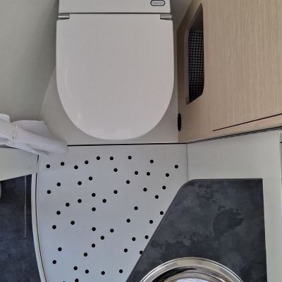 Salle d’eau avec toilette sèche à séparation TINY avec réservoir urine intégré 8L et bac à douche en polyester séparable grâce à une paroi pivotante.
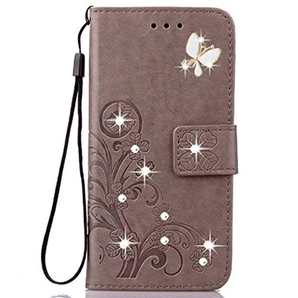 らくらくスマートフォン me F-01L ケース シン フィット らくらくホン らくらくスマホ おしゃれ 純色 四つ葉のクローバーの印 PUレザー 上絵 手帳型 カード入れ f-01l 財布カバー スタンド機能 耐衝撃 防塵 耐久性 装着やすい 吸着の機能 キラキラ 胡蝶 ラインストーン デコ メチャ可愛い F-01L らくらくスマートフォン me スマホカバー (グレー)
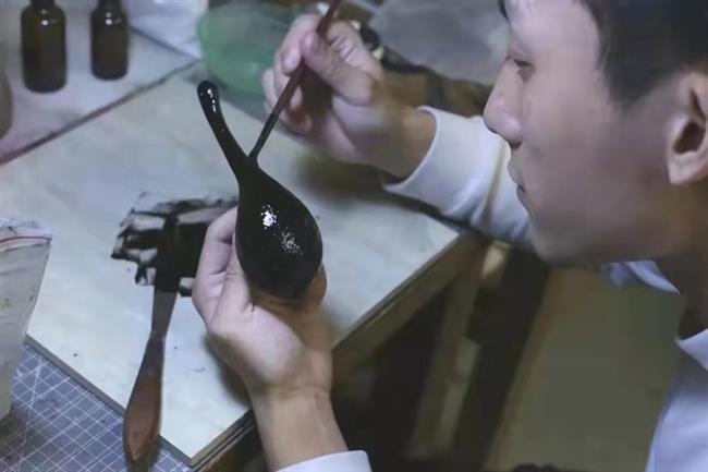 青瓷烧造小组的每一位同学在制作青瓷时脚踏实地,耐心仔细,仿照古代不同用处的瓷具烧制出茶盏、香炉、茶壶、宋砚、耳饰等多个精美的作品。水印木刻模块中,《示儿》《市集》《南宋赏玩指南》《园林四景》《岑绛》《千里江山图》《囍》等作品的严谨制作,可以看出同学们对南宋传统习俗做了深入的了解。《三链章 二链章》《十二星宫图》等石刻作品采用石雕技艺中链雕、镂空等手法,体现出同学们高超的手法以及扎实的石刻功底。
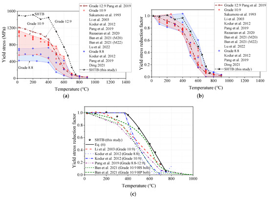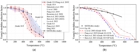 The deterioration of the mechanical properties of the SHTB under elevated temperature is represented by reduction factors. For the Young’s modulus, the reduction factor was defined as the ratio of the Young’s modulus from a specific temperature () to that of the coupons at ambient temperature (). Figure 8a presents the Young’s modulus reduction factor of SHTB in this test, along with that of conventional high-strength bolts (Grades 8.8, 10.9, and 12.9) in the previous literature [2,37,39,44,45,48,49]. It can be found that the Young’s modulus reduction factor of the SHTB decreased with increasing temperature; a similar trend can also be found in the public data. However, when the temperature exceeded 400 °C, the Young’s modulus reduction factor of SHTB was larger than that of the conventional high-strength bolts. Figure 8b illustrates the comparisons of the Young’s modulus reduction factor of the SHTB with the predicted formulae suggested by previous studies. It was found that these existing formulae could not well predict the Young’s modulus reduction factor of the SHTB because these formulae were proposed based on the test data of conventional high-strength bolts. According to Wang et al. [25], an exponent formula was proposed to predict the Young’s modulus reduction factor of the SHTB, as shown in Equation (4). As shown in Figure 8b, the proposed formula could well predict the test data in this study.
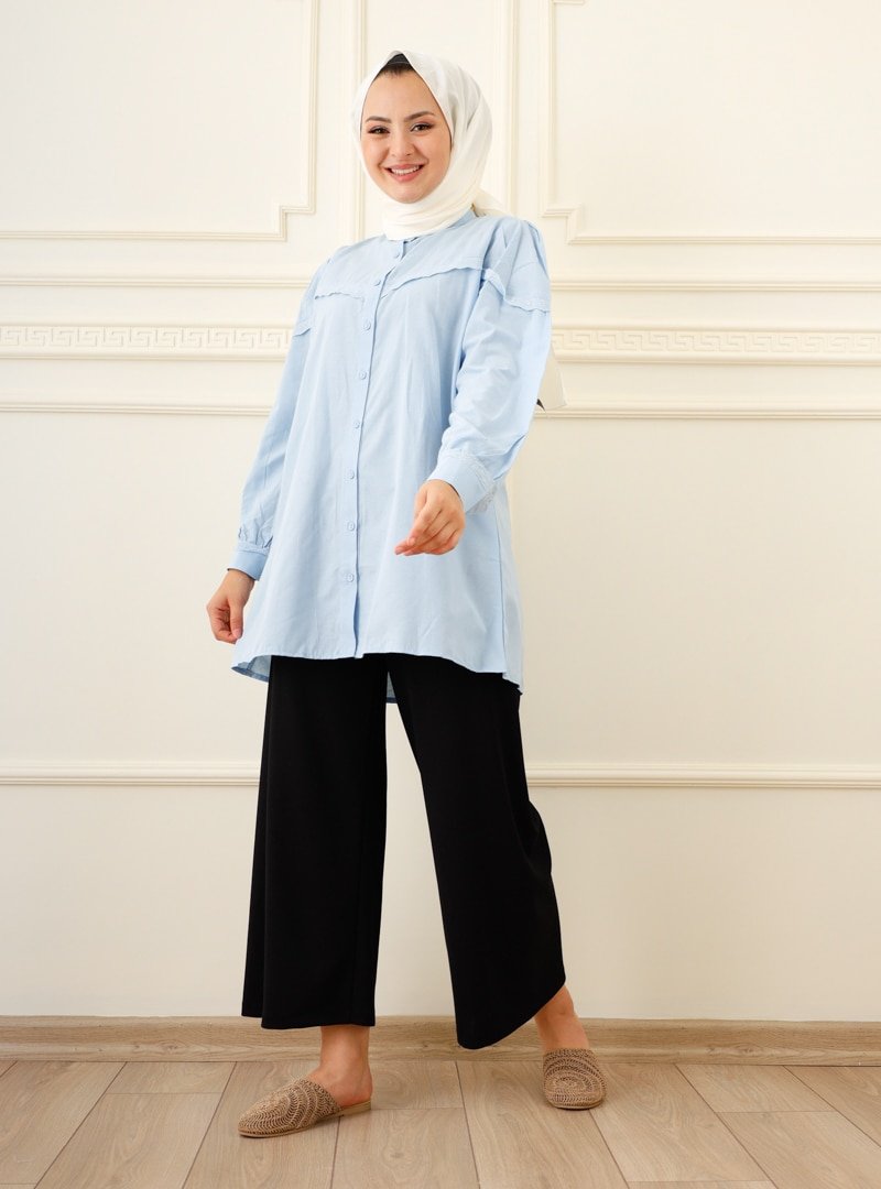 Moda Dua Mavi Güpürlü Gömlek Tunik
____
◆ **WHAT IS BEING ASKED**
What is needed here is an exact copy of every record, with the pictures left out.

◆ **YOUR SOLUTION**
 Salle d’eau avec toilette sèche à séparation TINY avec réservoir urine intégré 8L et bac à douche en polyester séparable grâce à une paroi pivotante.
 らくらくスマートフォン me F-01L ケース シン フィット らくらくホン らくらくスマホ おしゃれ 純色 四つ葉のクローバーの印 PUレザー 上絵 手帳型 カード入れ f-01l 財布カバー スタンド機能 耐衝撃 防塵 耐久性 装着やすい 吸着の機能 キラキラ 胡蝶 ラインストーン デコ メチャ可愛い F-01L らくらくスマートフォン me スマホカバー (グレー)
 青瓷烧造小组的每一位同学在制作青瓷时脚踏实地,耐心仔细,仿照古代不同用处的瓷具烧制出茶盏、香炉、茶壶、宋砚、耳饰等多个精美的作品。水印木刻模块中,《示儿》《市集》《南宋赏玩指南》《园林四景》《岑绛》《千里江山图》《囍》等作品的严谨制作,可以看出同学们对南宋传统习俗做了深入的了解。《三链章 二链章》《十二星宫图》等石刻作品采用石雕技艺中链雕、镂空等手法,体现出同学们高超的手法以及扎实的石刻功底。
 The deterioration of the mechanical properties of the SHTB under elevated temperature is represented by reduction factors. For the Young’s modulus, the reduction factor was defined as the ratio of the Young’s modulus from a specific temperature () to that of the coupons at ambient temperature (). Figure 8a presents the Young’s modulus reduction factor of SHTB in this test, along with that of conventional high-strength bolts (Grades 8.8, 10.9, and 12.9) in the previous literature [2,37,39,44,45,48,49]. It can be found that the Young’s modulus reduction factor of the SHTB decreased with increasing temperature; a similar trend can also be found in the public data. However, when the temperature exceeded 400 °C, the Young’s modulus reduction factor of SHTB was larger than that of the conventional high-strength bolts. Figure 8b illustrates the comparisons of the Young’s modulus reduction factor of the SHTB with the predicted formulae suggested by previous studies. It was found that these existing formulae could not well predict the Young’s modulus reduction factor of the SHTB because these formulae were proposed based on the test data of conventional high-strength bolts. According to Wang et al. [25], an exponent formula was proposed to predict the Young’s modulus reduction factor of the SHTB, as shown in Equation (4). As shown in Figure 8b, the proposed formula could well predict the test data in this study.
 Moda Dua Mavi Güpürlü Gömlek Tunik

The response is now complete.